ASSIGNMENT | All lines from the one containing "Pour surprendre vos" through the last line of the listing below are to be copied exactly. Exclude the pictures.

DATASET ENTRIES |
★ ★ ★ ★ ★

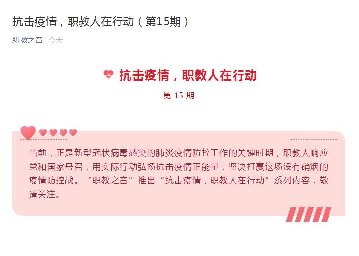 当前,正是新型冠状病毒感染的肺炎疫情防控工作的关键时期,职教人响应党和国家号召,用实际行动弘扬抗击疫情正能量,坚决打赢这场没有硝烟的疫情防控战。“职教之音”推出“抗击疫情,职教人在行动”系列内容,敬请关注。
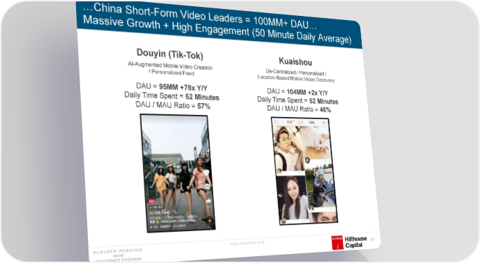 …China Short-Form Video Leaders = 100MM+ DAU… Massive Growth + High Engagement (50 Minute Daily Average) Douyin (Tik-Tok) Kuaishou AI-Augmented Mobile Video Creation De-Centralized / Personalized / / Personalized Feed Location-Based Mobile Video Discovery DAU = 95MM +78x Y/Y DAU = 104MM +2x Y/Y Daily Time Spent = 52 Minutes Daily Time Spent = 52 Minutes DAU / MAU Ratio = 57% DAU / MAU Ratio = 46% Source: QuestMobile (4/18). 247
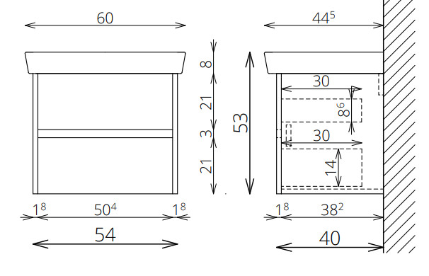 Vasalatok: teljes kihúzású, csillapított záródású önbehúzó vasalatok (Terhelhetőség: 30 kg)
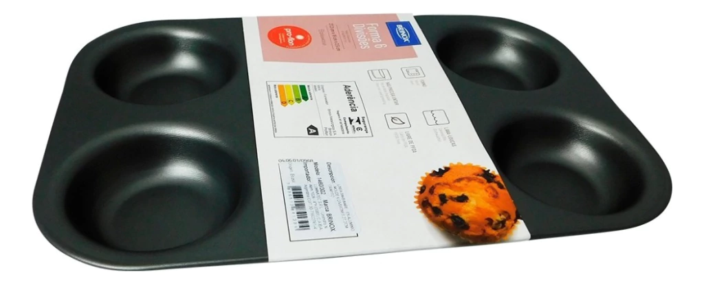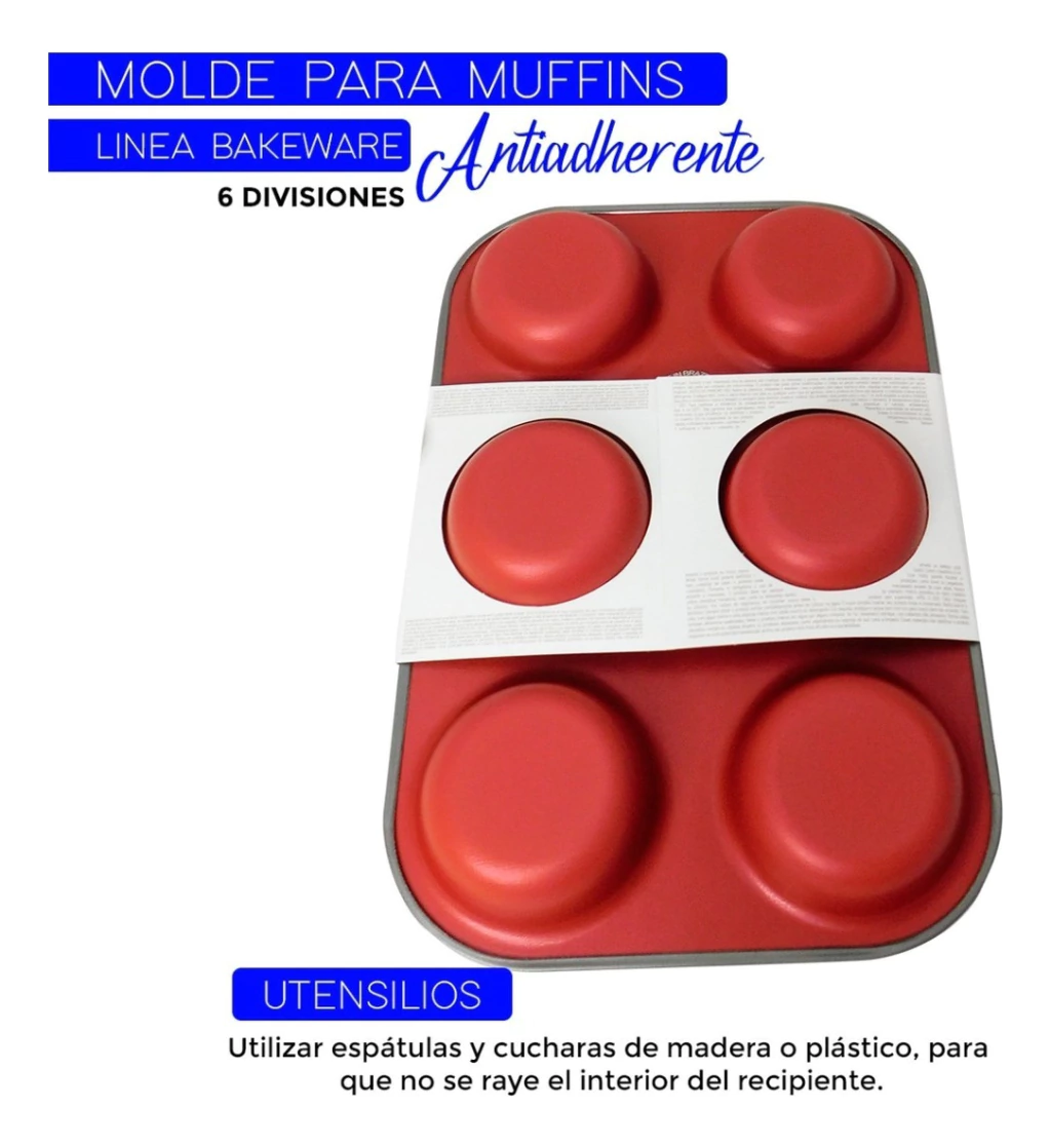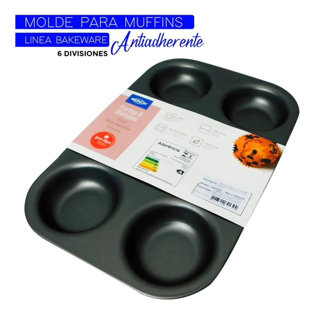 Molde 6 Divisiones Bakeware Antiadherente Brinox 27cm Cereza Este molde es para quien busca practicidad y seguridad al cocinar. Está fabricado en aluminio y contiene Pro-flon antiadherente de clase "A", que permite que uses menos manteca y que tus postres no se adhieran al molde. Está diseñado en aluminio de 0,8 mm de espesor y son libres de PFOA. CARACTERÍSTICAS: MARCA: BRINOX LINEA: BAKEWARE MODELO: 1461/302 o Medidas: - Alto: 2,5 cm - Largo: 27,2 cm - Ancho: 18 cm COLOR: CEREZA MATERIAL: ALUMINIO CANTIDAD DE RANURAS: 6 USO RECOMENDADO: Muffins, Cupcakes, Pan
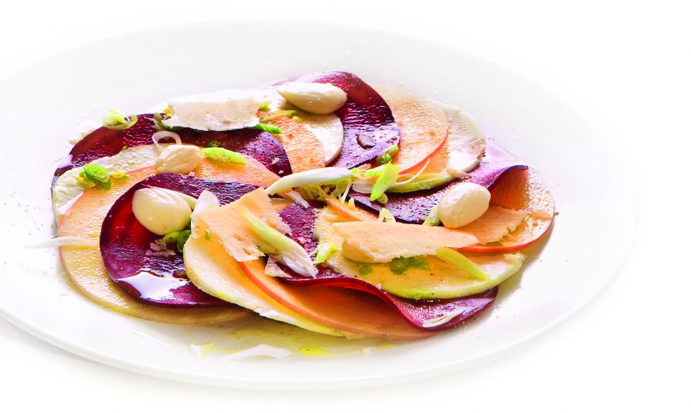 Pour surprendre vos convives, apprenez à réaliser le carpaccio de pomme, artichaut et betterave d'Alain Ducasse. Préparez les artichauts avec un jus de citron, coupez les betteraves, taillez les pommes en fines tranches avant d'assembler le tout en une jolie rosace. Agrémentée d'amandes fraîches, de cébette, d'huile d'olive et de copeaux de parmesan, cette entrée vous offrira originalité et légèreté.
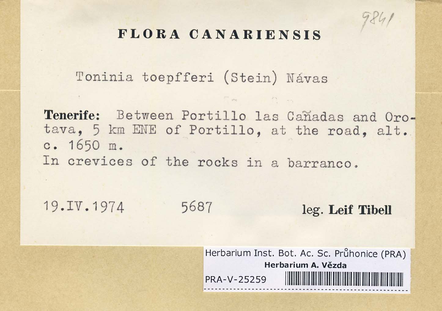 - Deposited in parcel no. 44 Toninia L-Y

★ ★ ★ ★ ★

SOLUTION TO THIS TASK |
 Pour surprendre vos convives, apprenez à réaliser le carpaccio de pomme, artichaut et betterave d'Alain Ducasse. Préparez les artichauts avec un jus de citron, coupez les betteraves, taillez les pommes en fines tranches avant d'assembler le tout en une jolie rosace. Agrémentée d'amandes fraîches, de cébette, d'huile d'olive et de copeaux de parmesan, cette entrée vous offrira originalité et légèreté.
 - Deposited in parcel no. 44 Toninia L-Y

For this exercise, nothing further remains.